- Douglas City Douglas City
- Coordinates: 35°37′51.77″N 97°15′22.05″W﻿ / ﻿35.6310472°N 97.2561250°W
- Country: United States
- State: Oklahoma
- County: Oklahoma
- Established: c. 1890
- Time zone: UTC-6 (Central (CST))
- • Summer (DST): UTC-5 (CDT)
- Disestablished: c. 1900

= Douglas City, Oklahoma =

Douglas City is a ghost town in Oklahoma County, Oklahoma. It is 3.4 mi southwest of Luther; nothing remains there anymore, with the former townsite now being mainly wooded area. There is an active church with the Douglas name located in the southeastern corner of the remnants of the town, and the Turner Turnpike runs through the towns remnants, however.

==History==

Douglas City started in the early 1890s as a pop-up town in the Unassigned Lands. The town was started by multiple entrepreneurs of African-American descent, as Douglas City was founded as a black settlement. It is believed that more than 200 lots had been sold to African-American families.
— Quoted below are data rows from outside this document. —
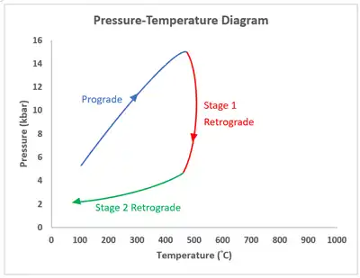 - Near-isobaric cooling after the peak (Retrograde metamorphism)[2]
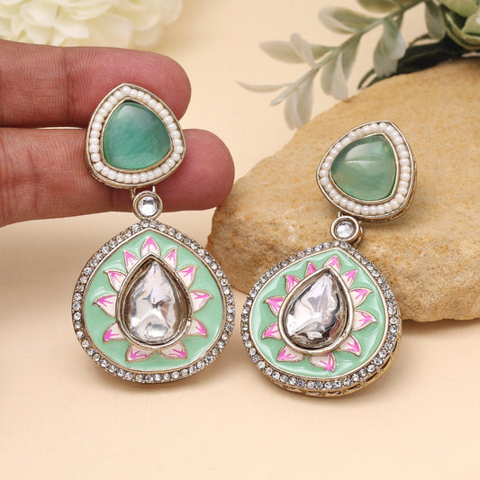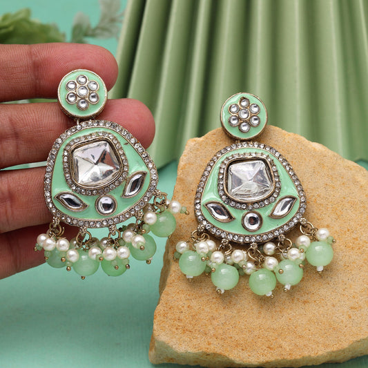 Pista Green Color Kundan Meenakari Earrings (MKE2005PGRN)
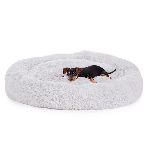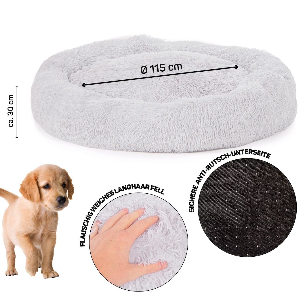 The stylish donut shape not only looks modern but also provides excellent comfort. The raised rim creates a protective, nest-like feeling that helps pets relax, while the spacious 115 cm size makes it suitable for dogs of all breeds and sizes. Its dark grey color blends seamlessly with any interior décor, ensuring this bed is as elegant as it is functional.

By 1893, the town had a general store, a cotton gin, a gristmill, a few residences, and a church. (Note: The church wound up moving locations to where the modern one, mentioned in the top section, is today.) A post office for the town was created on May 12, 1894.
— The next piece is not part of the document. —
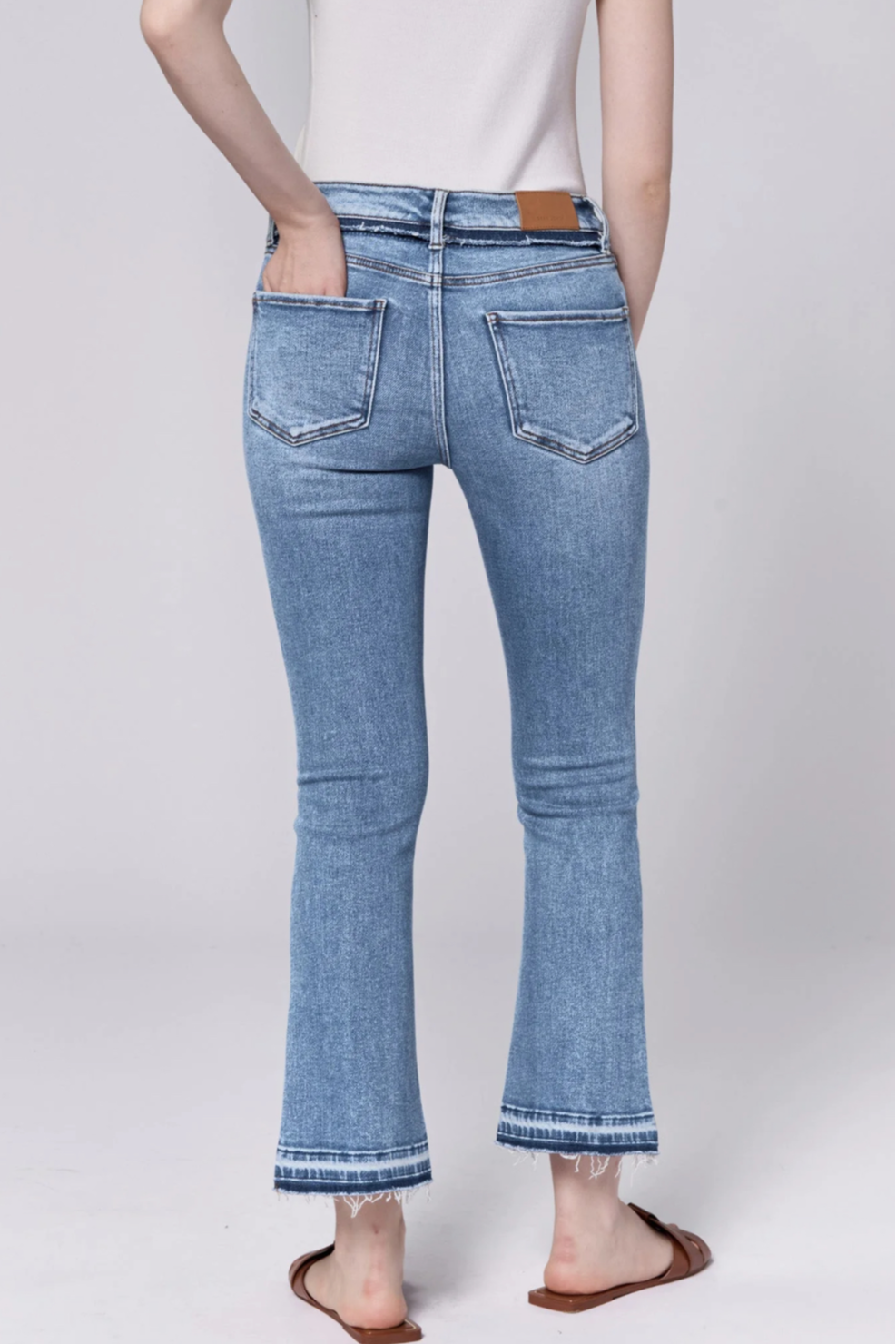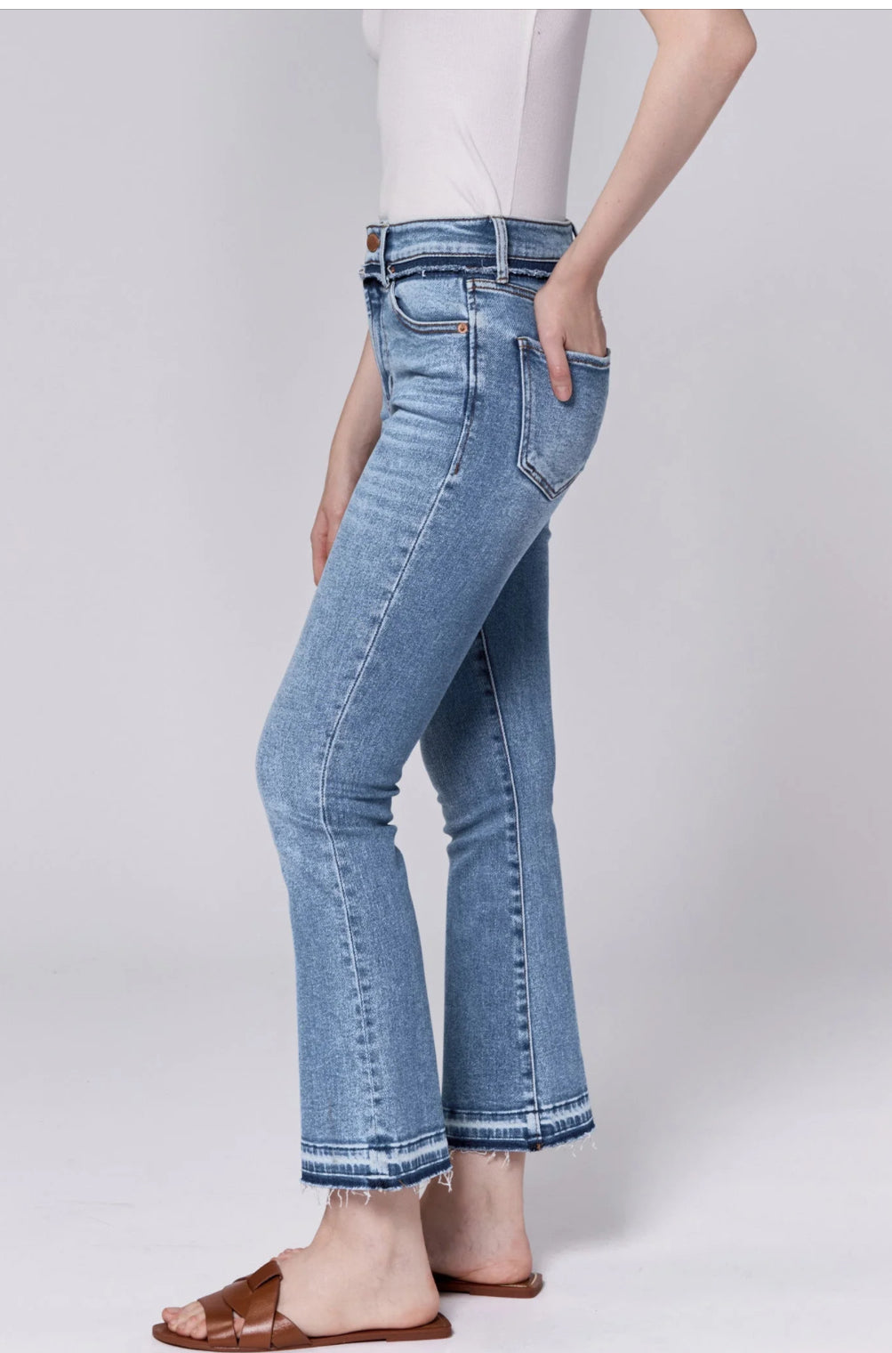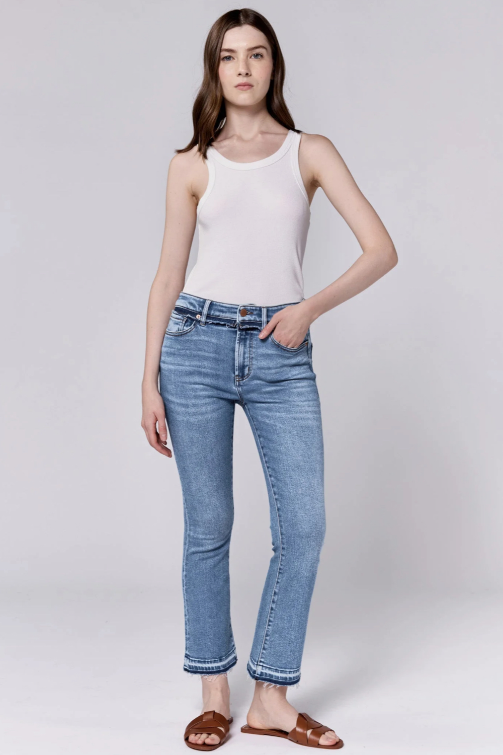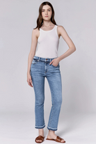Step into effortless elegance with these Jeanne mid rise tonal hem jeans in cropped inseam, a must-have of chic fashion. Designed with a flattering flare cut in stretch denim, these versatile outfits are perfect for every occasion, from workdays to weekends. The designer tonal denim washed hem & fray waistband showcases a fashion-forward look, creating the iconic ensemble for any wardrobe.

The town was set to have 160 acres, wide streets, and lots 25 feet by 140 feet; ten acres were kept for the creation of the Douglas City Public School, which was later built. (Note: The school was later merged with Luther Public Schools.)
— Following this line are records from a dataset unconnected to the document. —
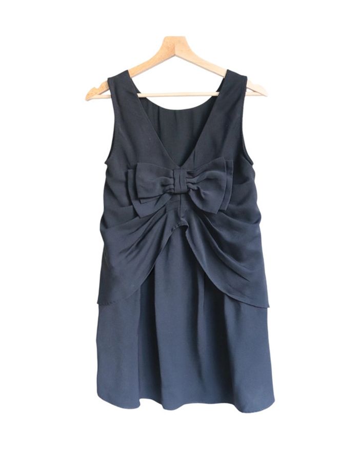 📃 description : Jolie robe à porter été comme hiver avec gros noeud dans le dos et beau décolleté 🎨 couleur : noir 🆗 état : parfait état 📏 taille : taille 0 🏁 motifs : uni
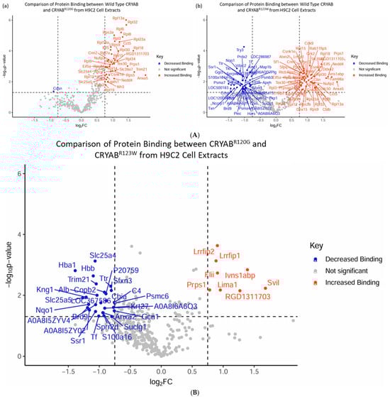 (A) Volcano plots depicting mass spectrometry data from co-immunoprecipitation of lysate from H9C2 cells expressing FLAG-tagged wild-type CRYAB, CRYABR120G, and CRYABR123W. Data are labeled with the corresponding protein and as having decreased binding (blue), no significant change (grey), or increased binding (red). (a) Volcano plot comparing wild-type CRYAB to CRYABR120G, showing significant increase in binding with minimal decrease. (b) Volcano plot comparing wild-type CRYAB to CRYABR123W, showing significant decreases and increases in protein binding, comparatively. (B) Volcano plot depicting mass spectrometry data from co-immunoprecipitation of lysate from H9C2 cells expressing FLAG-tagged CRYABR120G and CRYABR123W. Data are labeled with the corresponding protein and as having decreased binding (blue), no significant change (grey), or increased binding (red). The comparison between CRYABR120G and CRYABR123W shows that CRYABR123W has distinct changes in protein–protein interactions. For all analyses, significance was based on a protein having both a p-value less than 0.05 and fold change greater than 2 graphed as horizontal −log10(p-value) and vertical log2(FC) dotted lines respectively.
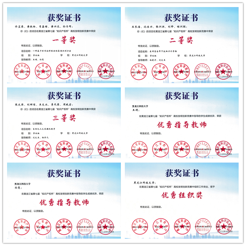 近日,由黑龙江省知识产权局、黑龙江省教育厅、黑龙江省科学技术厅、共青团黑龙江省委员会、黑龙江省科学技术协会共同主办的黑龙江省第七届“知识产权杯”高校发明创新竞赛在黑龙江大学圆满落下帷幕。在决赛中,米兰(中国)一站式服务平台参赛团队取得大赛一等奖1项、二等奖1项、三等奖1项的优异成绩。
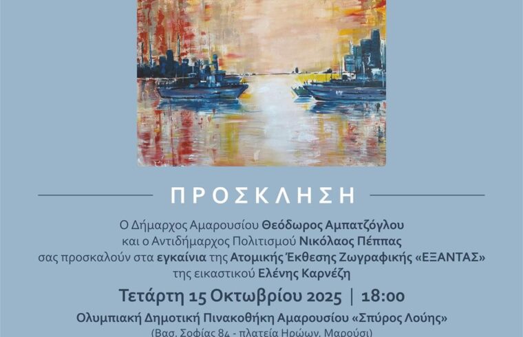 Στον φιλόξενο χώρο της Ολυμπιακής Δημοτικής Πινακοθήκης «ΣΠΥΡΟΣ ΛΟΥΗΣ» (Βασιλίσσης Σοφίας, Πλατεία Ηρώων, Μαρούσι), υπό την αιγίδα του Δήμου Αμαρουσίου, η σύγχρονη και αξιόλογη Εικαστικός, κ. Ελένη Καρνέζη, δίνει το δικό της στίγμα στην Τέχνη, παρουσιάζοντας την Ατομική Έκθεση Ζωγραφικής, με τίτλο: «ΕΞΑΝΤΑΣ», τα εγκαίνια της οποίας θα πραγματοποιηθούν την Τετάρτη 15 Οκτωβρίου 2025 και ώρα 6 μ.μ. και θα διαρκέσει έως και το Σάββατο 18 Οκτωβρίου 2025.
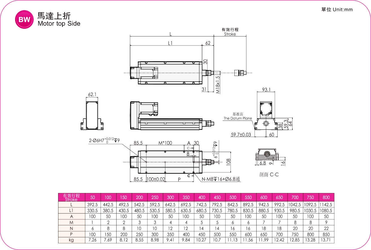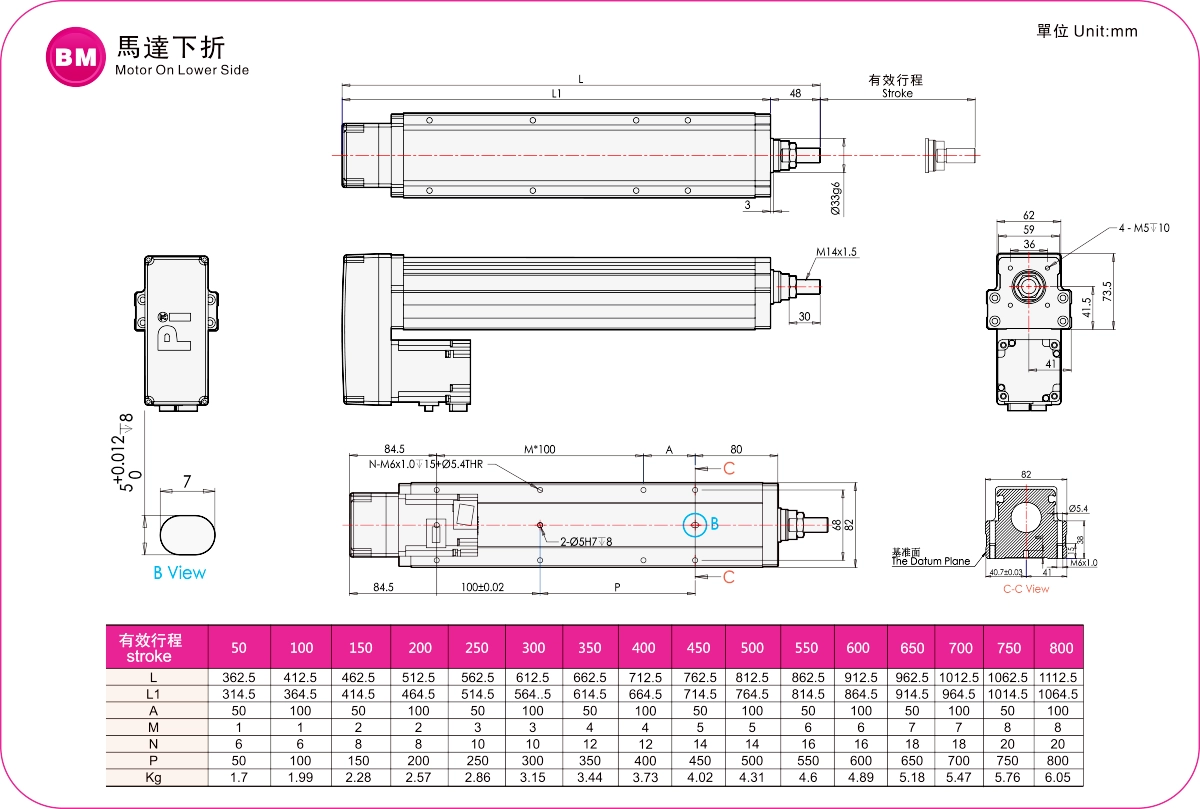 | ระยะชัก (มม.) | 50-800 มม./50 ระยะห่างระหว่างเกลียว | ||||
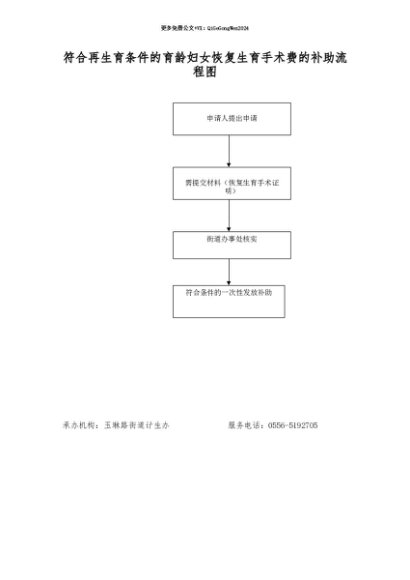 【七哥公文】2025年:【七哥公文】符合再生育条件的育龄妇女恢复生育手术费的补助流程图+更多免费公文+VX:QiGeGongWen2024+更多免费公文+VX:QiGeGongWen2024
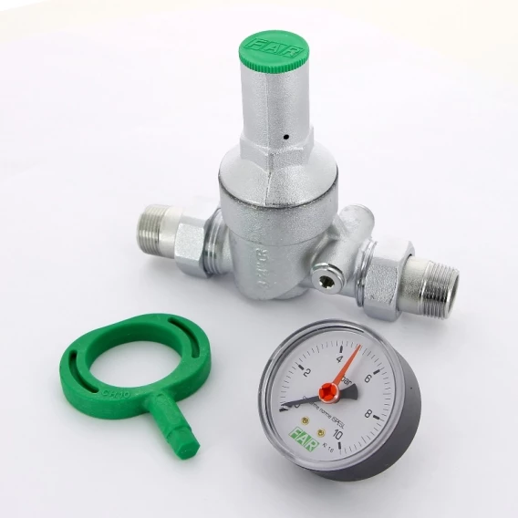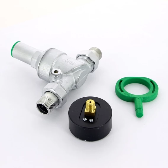 Редуктор мембранного типа. Предназначен для поддержания постоянного давления в системах горячего и холодного водоснабжения. Благодаря постоянному давлению в системе на заданном уровне исключается возможность повреждения сантехнического оборудования и бытовой техники. Максимальная температура: 75 С. Максимальное входное давление: 25 бар. Регулируемое давление после редуктора: от 1 до 6 бар. В комплекте: регулировочный ключ и манометр.

The developers of the town believed the town would be successful, largely for two reasons, with one reason being that Douglas City was on a survey line for the proposed Midland Railroad. The railroad was supposed to go from Coffeyville, Kansas, to McAlester, Oklahoma, adding onto the Missouri Pacific Railroad. The railroad, however, never got built.

The second reason developers of Douglas City thought it would be successful was that they offered to donate 20 acres of the land to the state of Oklahoma for the Territorial Normal School for Negroes. The university, however, was put in Langston, with it being still up under the name of Langston University.

Due to the fact that the main two factors of the towns success were never put into motion, the towns population declined. The post office for the town ended on June 15, 1900.